Linear relationship between size and transparency traits and carbon
export
Pearson’s correlation coefficients were computed between carbon export
(ln-transformed to meet the normality assumption), opacity, and size
variables. Each individual’s trait value was multiplied by its density
factor to account for the water volume sampled. Data were averaged by
sample dates (no Day/Night distinction) since there was only one carbon
export measurement per cruise. For significant correlations (p
< 0.05), linear relationships were represented in the graphs.
Metabarcoding process and analyses
DNA extraction and 18S amplification
Half of each ethanol-preserved sample (obtained with a Motoda splitter;
Motoda, 1959) was used for DNA extraction. The other half was kept as
archival material at BIOS. Since we focused the study on
mesozooplankton, macroplankton (> 2 cm) were removed from
the sample (mostly fish larvae). Samples were filtered through a 53 μm
mesh, and gently washed with milliQ water to remove as much ethanol as
possible. They were then transferred to a 50 mL falcon tube and
centrifuged at 3,500 g for 10 minutes to remove as much water and
ethanol as possible. The pellet is then weighed and transferred to a new
50 mL falcon tube and 15 or 25 ml SDS buffer (10 mM Tris-HCl, 100 mM
EDTA pH 8.0, 200 mM NaCl, 1% SDS) depending on the total mass of the
pellet. Samples were then vortexed to ensure rapid mixing of the
plankton with the buffer and thus degradation of the DNA. They were then
ground using a Fisher Scientific FSH125 homogenizer for 5 minutes, at
1/3 of maximum speed to avoid excessive DNA fragmentation and rapid
heating of the sample. After the grinding step, the homogenizer was
rinsed with 10 mL SDS buffer (or 15 mL depending on sample mass) to
minimise sample loss. Between samples, the homogenizer is washed and
sterilised. Proteinase K (Sigma-Aldrich; St. Louis, MO, USA) was added
to the buffer (0.2 mg mL-1 final concentration), with
5 mL sterilised stainless steel Shot, 3/32′′ Ellipse (Rio Grande, CA,
USA). Samples were then placed in an oven at 60°C for 4 h, vortexing at
maximum speed for 30 s every 30 min.
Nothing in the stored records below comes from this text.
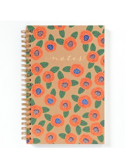 Ozdobny notes z grafiką w drobne kwiaty. Spiralowany notes posiada 192 strony kremowego papieru o gramaturze 70g. Całość okryta grubą okładką z naturalnej tektury 650g z recyklingu.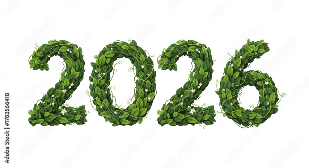 The year 2026 creatively formed from lush green leaves and vines, suggesting nature and growth #1782566418
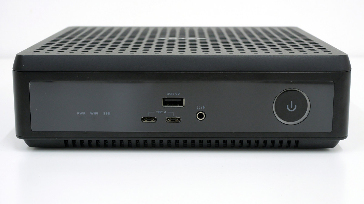 On the front there is one USB Type-A port that supports USB 3.2 Gen 2 and two USB Type-C ports that support Thunderbolt 4. There is also an earphone jack and a large power button.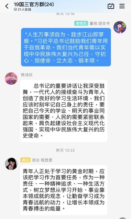 20级国画三班徐梁斌:习近平总书记在庆祝中国共产主义青年团成立一百周年大会上对我们提出要求:做青年友,不做青年官,多为青年计,不为自己谋,去担苦,担难,担重,担险,老老实实做人,踏踏实实做事,心有所畏,言有所戒,行有所止,做一个一心为公,一身正气,一尘不染的人!这对我有很大的启示和警戒作用,作为青年员工干部,我们应该真正明白自己所做工作的意义和目的,是服务同学,而不是为自己搭桥铺路。要切实明白我们的责任和担当,不忘初心,始终坚持原则底线,真正做青年朋友的勤务员。

Tubes were centrifuged at 3,500 g
for 15 min and three 400 μL replicates of supernatant were transferred
to 1.5 mL Eppendorf tubes. DNA was extracted using the E.Z.N.A. Mollusc
DNA Kit (Omega Bio-Tek, Norcross, GA, USA), with some modifications
explained in Blanco-Bercial (2020). Quality control of extracted DNA was
performed by fluorimetry using a NanoDropTM One instrument. Extracted
DNA was stored at -20°C until amplification.
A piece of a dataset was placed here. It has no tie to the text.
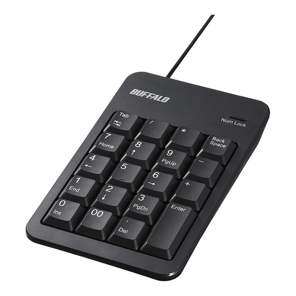 Buffalo BUFFALO BSTK120BK Wired Numeric Keypad with Anti-Bacterial and Tab Key, Black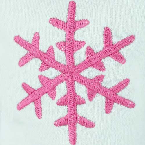 White Cotton Long Sleeve Tee Shirt with Pink Trim & Pink Embroidered Snowflake.

Amplification of the V1V2 region of the 18S (about 350 bp) was done
following Fonseca et al. (2010). Samples were then sent to the Genomics
Research Center of Rochester University (NY, USA) for sequencing.
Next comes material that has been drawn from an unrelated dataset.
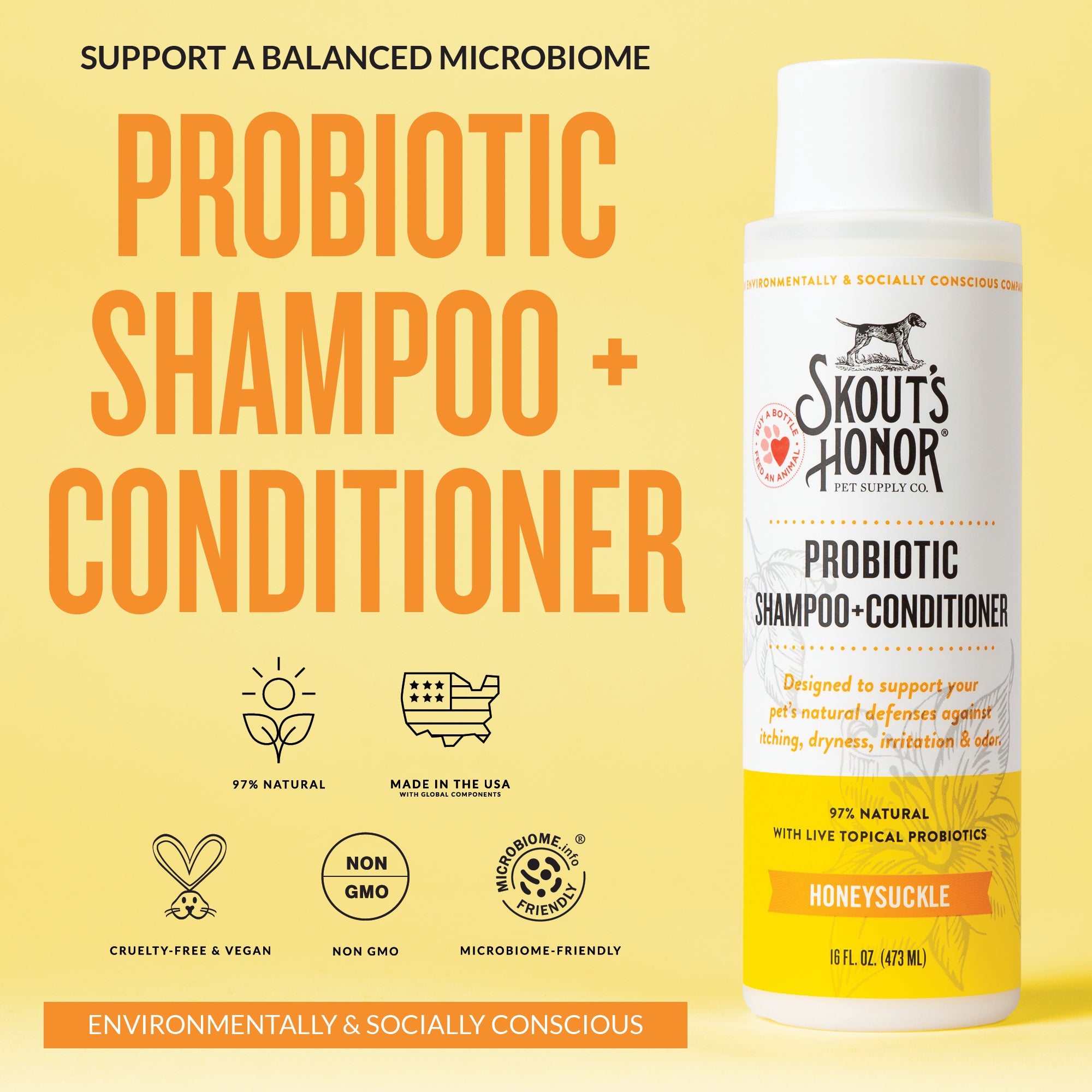 Shop / DOG / Skouts Honor Probiotic Shampoo Plus Conditioner Honeysuckle Skouts Honor Probiotic Shampoo Plus Conditioner Honeysuckle Skout's Honor Default Title $20.99 Default Title Purchase Options Free In-Store Pick Up Not Available Save 20% on orders $100+ Set your store for inventory and store pickup details Zip Code Search Same-day Delivery* No minimum charge for delivery orders. *Order before 2pm and have it delivered today. Orders placed after 2pm will be delivered the next day. Must be inside delivery radius. Zip Code Unfortunately delivery is not available to this address. In order to ensure the best availability accuracy, changing your selected store will remove all items from your cart. You will need to re-add these items with your newly selected store if you choose to continue. Continue Cancel Ship it to Me Quantity Add To Cart Information Designed to support your pet's natural defenses against itching, dryness, irritation and odor. Gently cleans and hydrates the skin and coat, leaving fur silky and smooth. Provides a premium grooming experience without disturbing the skin's natural microbial community and designed to support your pet's natural defenses against itching, dryness, irritation and odor. Customers also liked Customer Reviews

Sequencing was performed in an Illumina MiSeq using the MiSeq Reagent
Kit v3 (600-cycles; 2 × 300) V3 chemistry. To test for replicability
within the procedure, two samples were submitted using different indexes
in separate batches.
Bioinformatic pipeline
Demultiplexed samples were analysed in MOTHUR ver. 1.39.5. (Schloss et
al., 2009). The entire annotated pipeline is accessible at the following
link: . Unique sequences were aligned against a V1V2 region of the SILVA
138 database (Quast et al., 2013). Sequences were trimmed to the length
of the V1V2 region, and only complete ones (starting at the first base
and ending at the last base of the alignment) were kept in order to
avoid bias due to unfinished amplifications. After gap removal,
chimaeras were removed using UCHIME (Edgar et al., 2011) as implemented
in MOTHUR, and unique sequences, called thereafter Amplicon Sequence
Variant (ASV) were obtained after denoising using UNOISE2 (Edgar, 2016)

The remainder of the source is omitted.